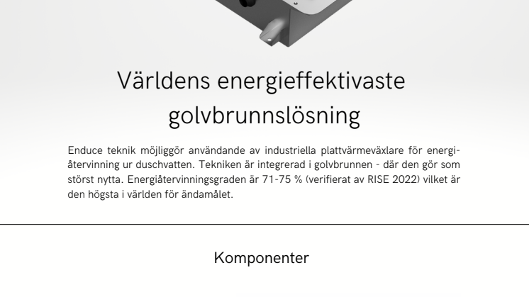 Enduces innovativa golvbrunn, som återvinner värdefull energi som annars rinner ut i avloppet och som testats 6 000 gånger i kommersiell miljö och boendemiljö, har utvecklats i nära samarbete med etablerade aktörer inom VVS och prefab. Under 2023 planeras serietillverkning.
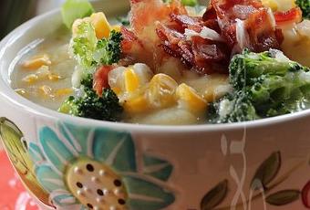 2)À l'aide d'un presse-purée, écraser environ la moitié des pommes de terre. Ajouter le reste du bouillon, le maïs et le brocoli et laisser mijoter pendant environ 6 minutes ou jusqu'à ce que le brocoli et le maïs soient tendres. Réduire à feu doux, ajouter le lait, le sel et le poivre et réchauffer (ne pas faire bouillir).
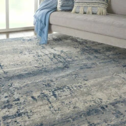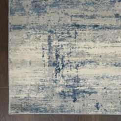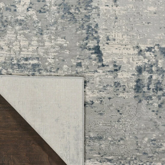 This striking area rug from Copper Grove will add a stylish flair and underfoot comfort to any room. Made of ultra-durable synthetic fibers, this rug is perfect for high-traffic areas. The unique abstract ombre pattern boasts graduating hues of blue, ivory, and grey.
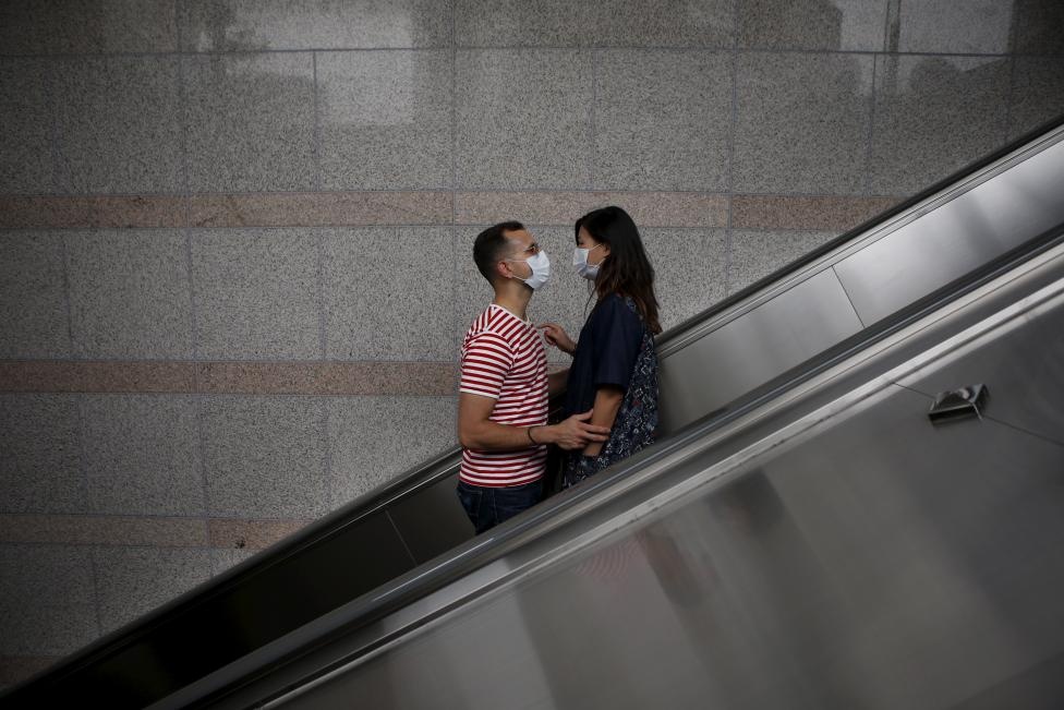 Một cặp tình nhân đeo khẩu trang tại nơi công cộng ở thủ đô Seoul. Dịch MERS, tên gọi tắt của Hội chứng Hô hấp vùng Trung Đông, lây lan mạnh ở Hàn Quốc khiến nhà chức trách và người dân phải thực hiện mọi biện pháp để phòng bệnh cho bản thân và cộng đồng.
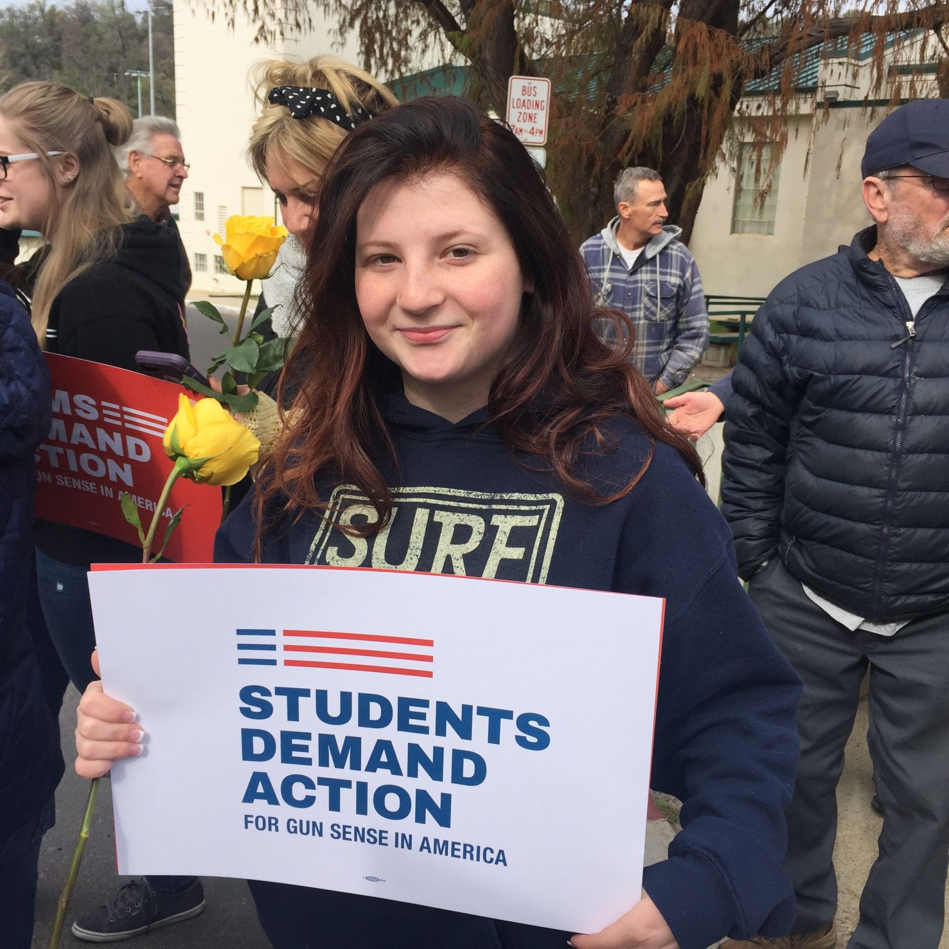 With anti-gun violence signs reading “No more dead kids” and another declaring “Students Demand Action,” among others, the first steps began at Sonora High School and wound towards downtown along Washington Street this morning. (Click here for video) Protestors also carried flowers for those lost in school shootings, including the 17 students killed in Parkland, Florida last month. Sonora High Sophomore Nevaeh Pletcher detailed why she took to the streets, “Because I believe that everyone should have a voice and we shouldn’t be put aside. I feel like guns shouldn’t be in schools. They should be controlled and no one should have a military grade gun.” (Click here for video)
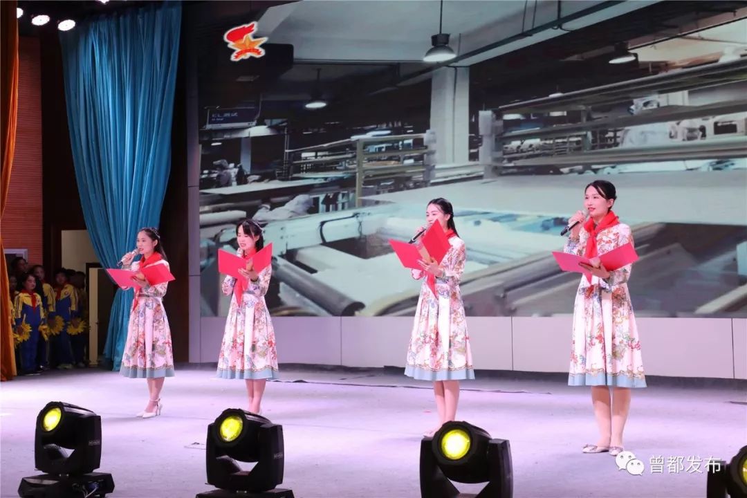 五眼桥小学少先队员诵读《争做新时代好队员》,南郊中心小学经典传唱《游子吟》,两水学校老师朗诵《写给未来的少先队员的一封信》,展现了主题实践活动成果。

======

- _REQUIRED ACTION_:
For this exercise, print all of the entries exactly as they appear, but without pictures.

- _TASK SOLUTION_:
 Enduces innovativa golvbrunn, som återvinner värdefull energi som annars rinner ut i avloppet och som testats 6 000 gånger i kommersiell miljö och boendemiljö, har utvecklats i nära samarbete med etablerade aktörer inom VVS och prefab. Under 2023 planeras serietillverkning.
 2)À l'aide d'un presse-purée, écraser environ la moitié des pommes de terre. Ajouter le reste du bouillon, le maïs et le brocoli et laisser mijoter pendant environ 6 minutes ou jusqu'à ce que le brocoli et le maïs soient tendres. Réduire à feu doux, ajouter le lait, le sel et le poivre et réchauffer (ne pas faire bouillir).
 This striking area rug from Copper Grove will add a stylish flair and underfoot comfort to any room. Made of ultra-durable synthetic fibers, this rug is perfect for high-traffic areas. The unique abstract ombre pattern boasts graduating hues of blue, ivory, and grey.
 Một cặp tình nhân đeo khẩu trang tại nơi công cộng ở thủ đô Seoul. Dịch MERS, tên gọi tắt của Hội chứng Hô hấp vùng Trung Đông, lây lan mạnh ở Hàn Quốc khiến nhà chức trách và người dân phải thực hiện mọi biện pháp để phòng bệnh cho bản thân và cộng đồng.
 With anti-gun violence signs reading “No more dead kids” and another declaring “Students Demand Action,” among others, the first steps began at Sonora High School and wound towards downtown along Washington Street this morning. (Click here for video) Protestors also carried flowers for those lost in school shootings, including the 17 students killed in Parkland, Florida last month. Sonora High Sophomore Nevaeh Pletcher detailed why she took to the streets, “Because I believe that everyone should have a voice and we shouldn’t be put aside. I feel like guns shouldn’t be in schools. They should be controlled and no one should have a military grade gun.” (Click here for video)
 五眼桥小学少先队员诵读《争做新时代好队员》,南郊中心小学经典传唱《游子吟》,两水学校老师朗诵《写给未来的少先队员的一封信》,展现了主题实践活动成果。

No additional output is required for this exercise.